Kupcy protestowali, ale nie zablokowali "zakopianki" (zdjęcia)

NOWY TARG. Nowotarscy kupcy odwołali dzisiejszą pikietę i blokadę "zakopianki". Jak poinformowali, nie dostali zgody z Urzędu Miasta na taką formę protestu. Przyznali, że nie dopełnili wszystkich wymaganych prawem formalności. Mimo to spotkali się na Rynku i mówili o swoich problemach.
Dzisiejszy protest dotyczył powstawania kolejnych sklepów wielkopowierzchniowych na terenie miasta i powiatu nowotarskiego. Był on wynikiem informacji o planach budowy największego na Podhalu centrum handlowego Color Park na granicy Nowego Targu i Szaflar. - Kolejny supermarket rozłoży na łopatki lokalny biznes. Ta galeria nic dobrego nie zrobi, ale zrobi wiele złego - mówił na Rynku w imieniu protestujących Grzegorz Zwinczak.

Z jego ust padło wiele krytycznych słów pod adresem władz miasta. Burmistrzowi Markowi Fryźlewiczowi kupcy zarzucają m.in. brak wsparcia dla lokalnego biznesu, bezczynność i nie podejmowanie dialogu. Wytykali też władzom Nowego Targu, że zlikwidowali parkingi w Rynku. - A jak nie ma parkingów, to nie ma biznesu - podkreślali.
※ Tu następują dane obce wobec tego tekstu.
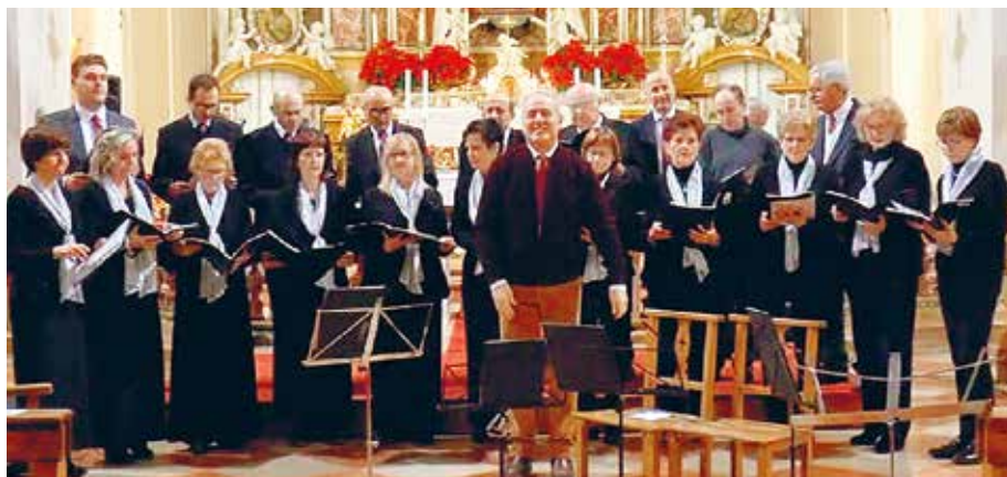
La corale 'Don Alberto Lonardoni'
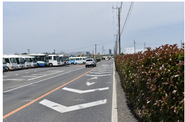
写真 10.13.1-5 水道道路の状況(新倉 3 丁目付近)
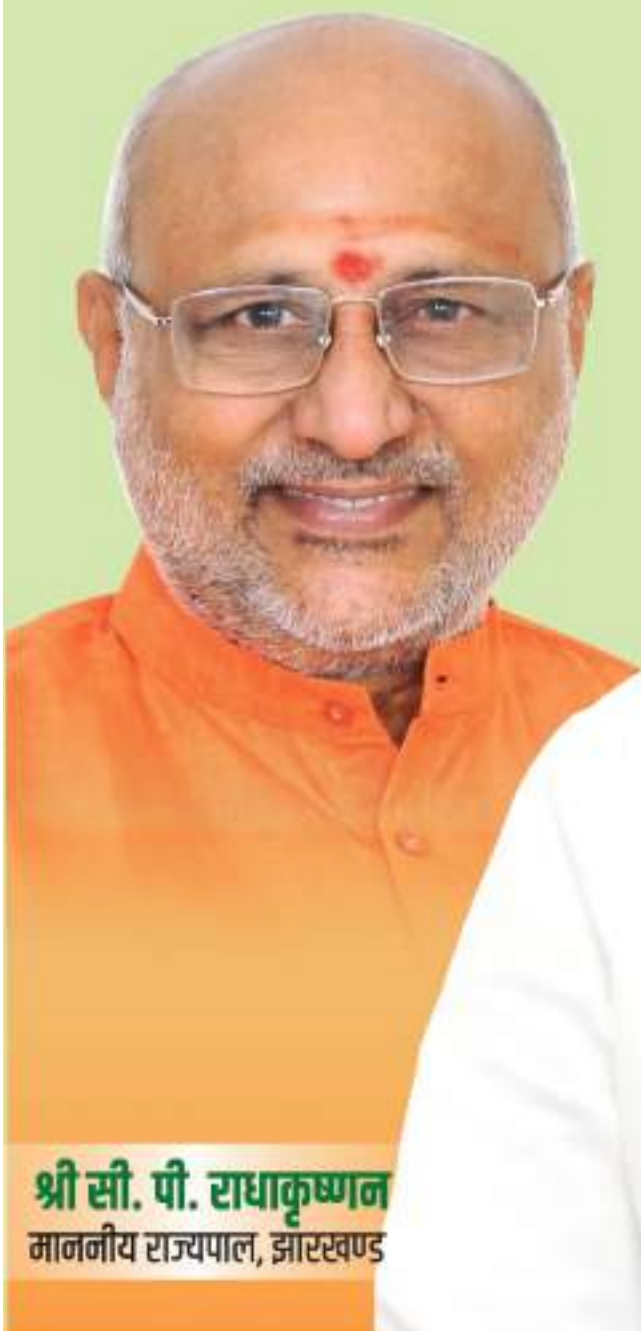
श्री सी. पी. राधाकृष्णन माननीय राज्यपाल, झारखण्ड
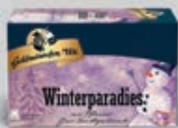
Winterparadies Früchtetee DI391 20 Beutel (50g) 2,69€ (5,38€/100g)
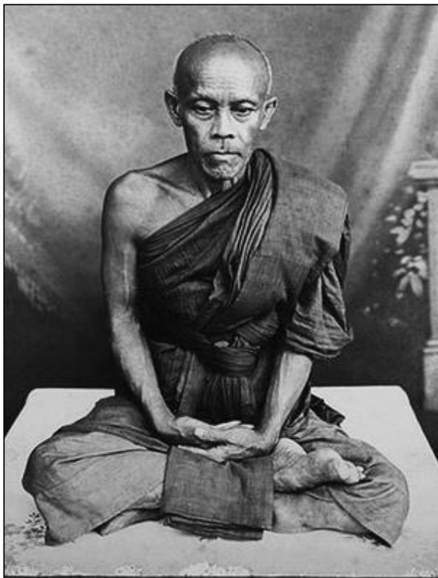
หลวงพ่อก้าว วัดเครือวัลย์
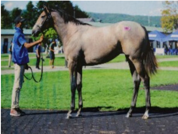
6月に初出走する「スパークル」

この馬は2018年5月に誕生したサラブレッド雌馬。父馬が「アジアエクスプレス」、母馬が「ヒカルヨザクラ」。北海道の牧場で生まれ、栃木県宇都宮市の牧場で調教中。3月上旬に金沢にやってきました。

Kupcy zapowiedzieli, że ponowią starania o zgodę na organizację protestu i blokadę "zakopianki". Zapowiedzieli też, że przyjdą na sesję Rady Miasta zaplanowaną na 23 czerwca. Protestujący chcieliby, aby w Nowym Targu wprowadzono regulacje prawne, które by określały, ile sklepów wielkopowierzchniowych może działać na terenie miasta. - Chodzi o to, by nie powstawały w nieskończoność - tłumaczyli.